Records for the task below:

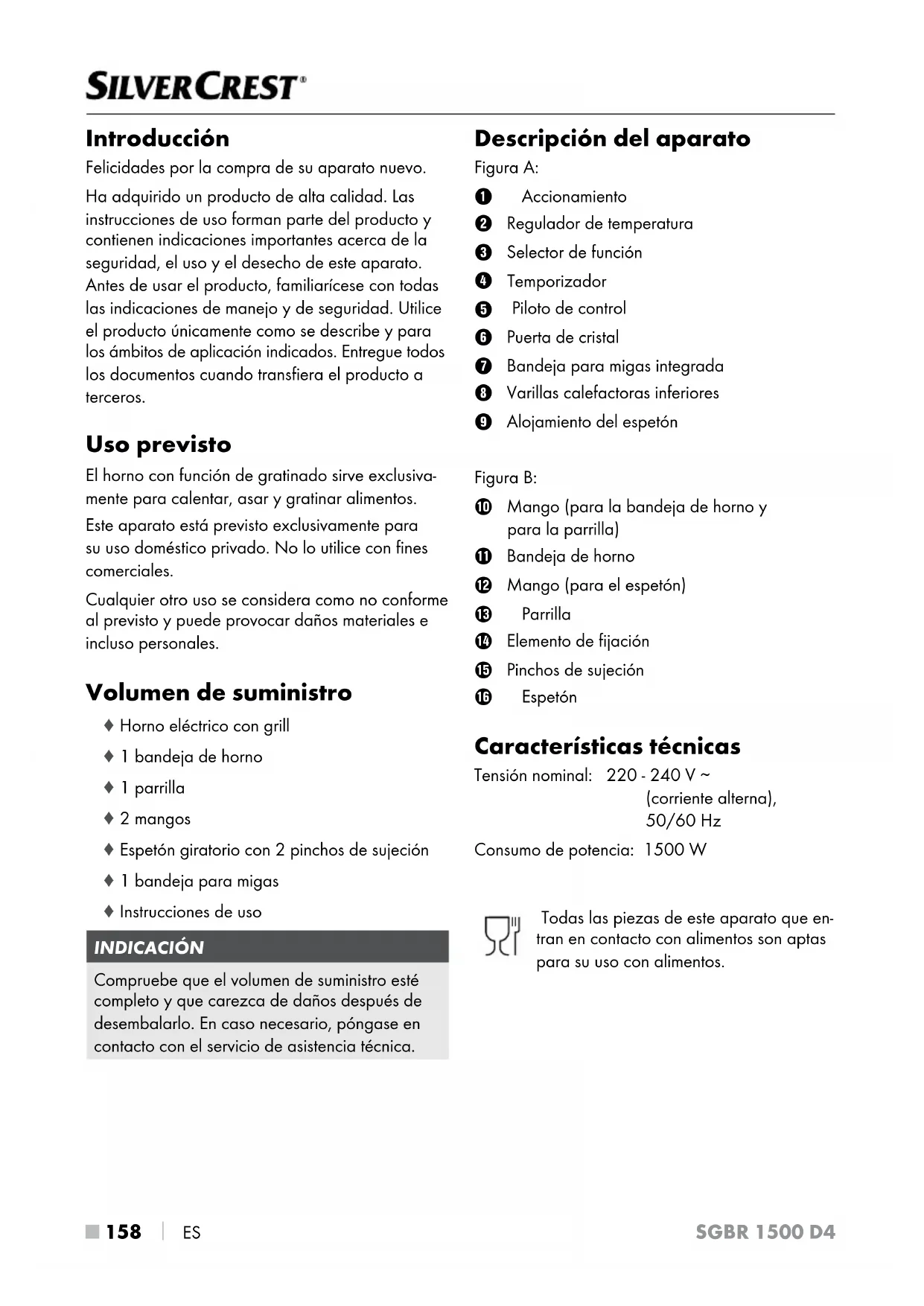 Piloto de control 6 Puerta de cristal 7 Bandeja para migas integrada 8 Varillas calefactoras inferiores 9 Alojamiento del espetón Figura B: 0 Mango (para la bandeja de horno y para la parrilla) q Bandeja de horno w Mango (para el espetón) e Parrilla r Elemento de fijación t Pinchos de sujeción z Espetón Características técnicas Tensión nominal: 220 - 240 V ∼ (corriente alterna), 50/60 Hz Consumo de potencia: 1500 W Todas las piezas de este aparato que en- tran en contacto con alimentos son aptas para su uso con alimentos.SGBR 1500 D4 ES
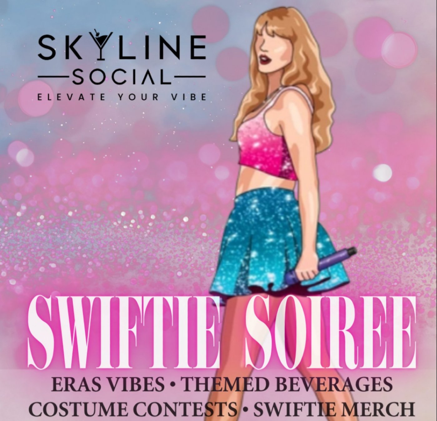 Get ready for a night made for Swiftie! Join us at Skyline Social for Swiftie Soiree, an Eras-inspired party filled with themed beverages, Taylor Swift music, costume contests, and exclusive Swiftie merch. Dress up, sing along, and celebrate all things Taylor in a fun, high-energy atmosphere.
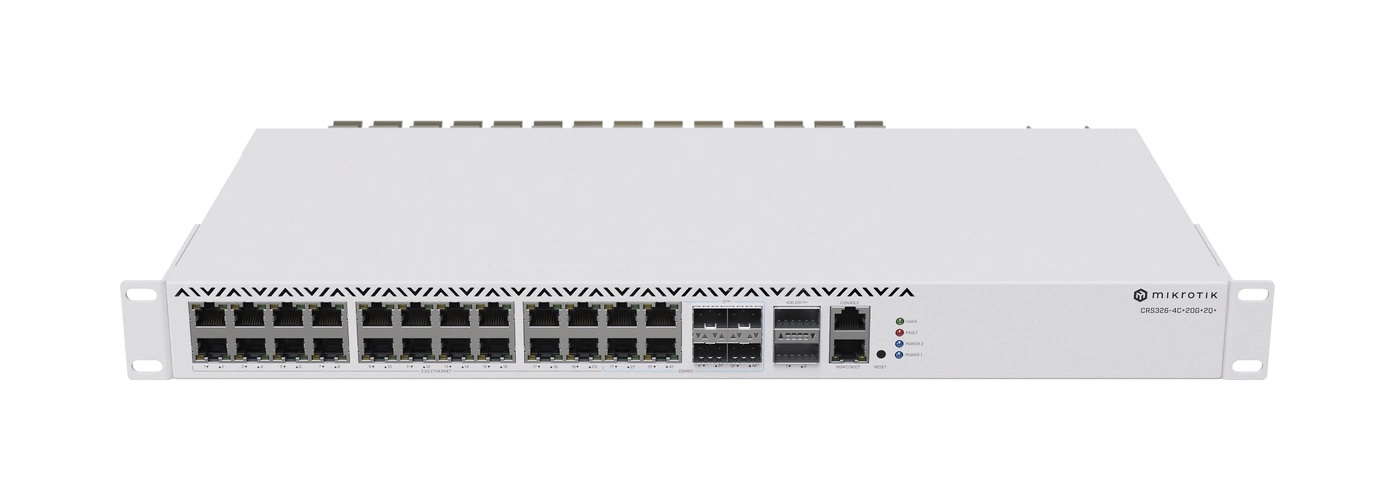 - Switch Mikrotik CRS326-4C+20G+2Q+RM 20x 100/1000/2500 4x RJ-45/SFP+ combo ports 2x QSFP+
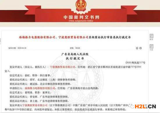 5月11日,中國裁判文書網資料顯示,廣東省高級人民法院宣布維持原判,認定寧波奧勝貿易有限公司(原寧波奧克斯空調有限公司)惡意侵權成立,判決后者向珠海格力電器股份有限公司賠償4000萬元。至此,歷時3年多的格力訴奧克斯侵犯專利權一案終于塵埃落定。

End of Records for the task.
Records for the task below:

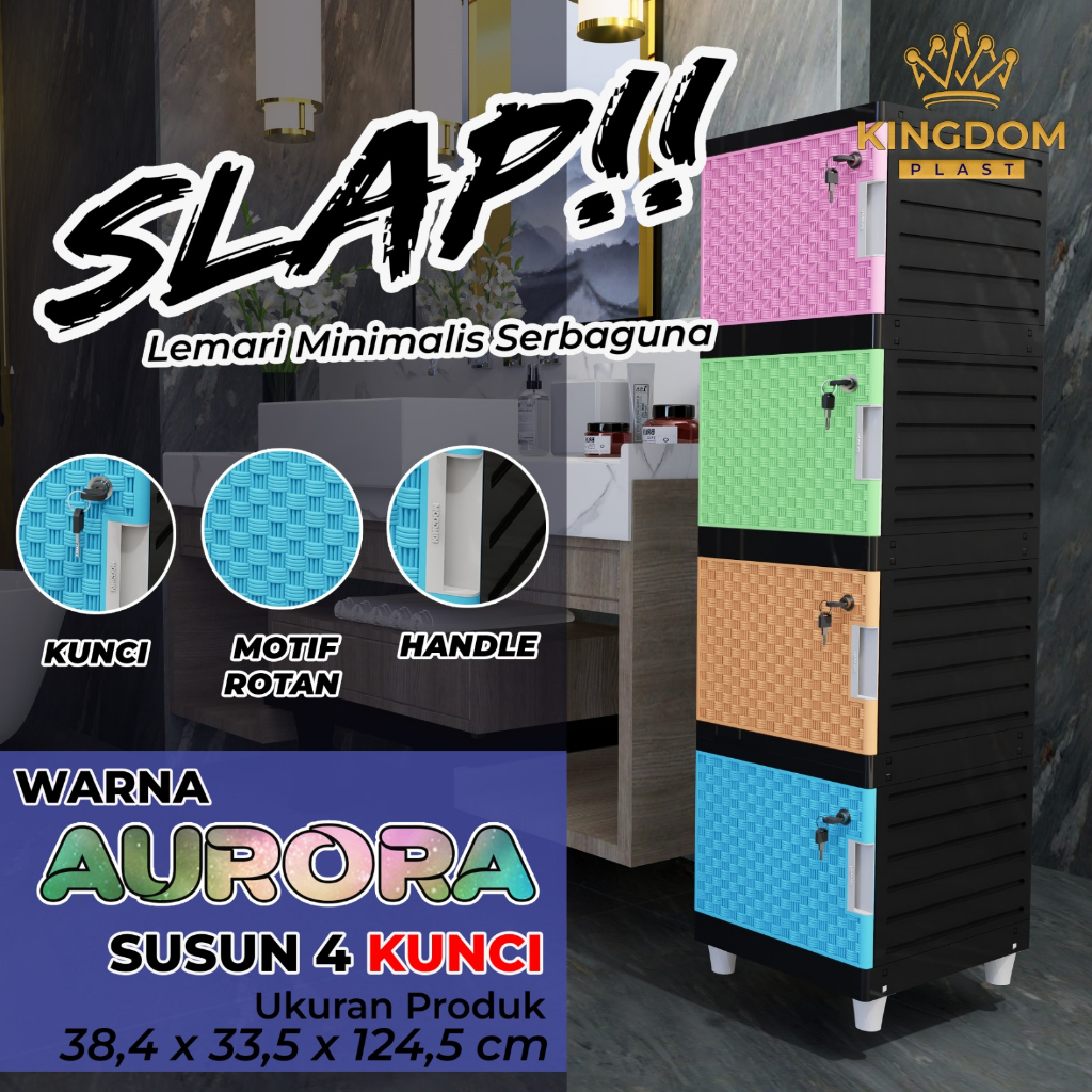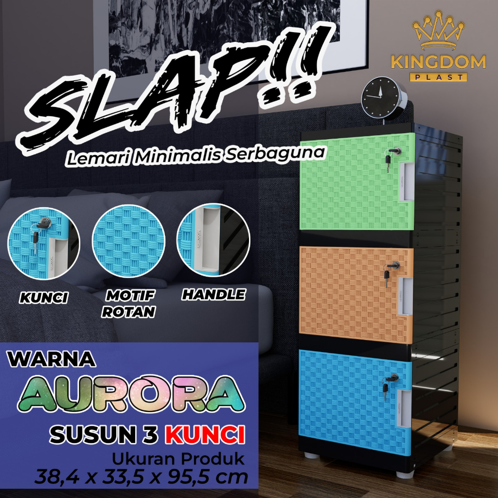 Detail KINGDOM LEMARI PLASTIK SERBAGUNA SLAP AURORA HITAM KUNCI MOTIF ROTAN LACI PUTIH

End of Records for the task.
Records for the task below:

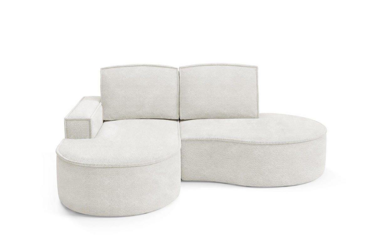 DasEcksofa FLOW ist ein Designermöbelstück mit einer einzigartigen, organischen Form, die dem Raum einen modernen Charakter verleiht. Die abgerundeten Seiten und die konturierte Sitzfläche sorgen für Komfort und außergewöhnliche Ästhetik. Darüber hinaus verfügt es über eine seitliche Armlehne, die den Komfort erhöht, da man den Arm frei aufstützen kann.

End of Records for the task.

*Task instructions:* Copy the lines above exactly, starting with the line that contains "Piloto de control" and ending with the line that contains "5月11日,中國裁判文書網資", and leave out any pictures.

*Exercise answer:*
 Piloto de control 6 Puerta de cristal 7 Bandeja para migas integrada 8 Varillas calefactoras inferiores 9 Alojamiento del espetón Figura B: 0 Mango (para la bandeja de horno y para la parrilla) q Bandeja de horno w Mango (para el espetón) e Parrilla r Elemento de fijación t Pinchos de sujeción z Espetón Características técnicas Tensión nominal: 220 - 240 V ∼ (corriente alterna), 50/60 Hz Consumo de potencia: 1500 W Todas las piezas de este aparato que en- tran en contacto con alimentos son aptas para su uso con alimentos.SGBR 1500 D4 ES
 Get ready for a night made for Swiftie! Join us at Skyline Social for Swiftie Soiree, an Eras-inspired party filled with themed beverages, Taylor Swift music, costume contests, and exclusive Swiftie merch. Dress up, sing along, and celebrate all things Taylor in a fun, high-energy atmosphere.
 - Switch Mikrotik CRS326-4C+20G+2Q+RM 20x 100/1000/2500 4x RJ-45/SFP+ combo ports 2x QSFP+
 5月11日,中國裁判文書網資料顯示,廣東省高級人民法院宣布維持原判,認定寧波奧勝貿易有限公司(原寧波奧克斯空調有限公司)惡意侵權成立,判決后者向珠海格力電器股份有限公司賠償4000萬元。至此,歷時3年多的格力訴奧克斯侵犯專利權一案終于塵埃落定。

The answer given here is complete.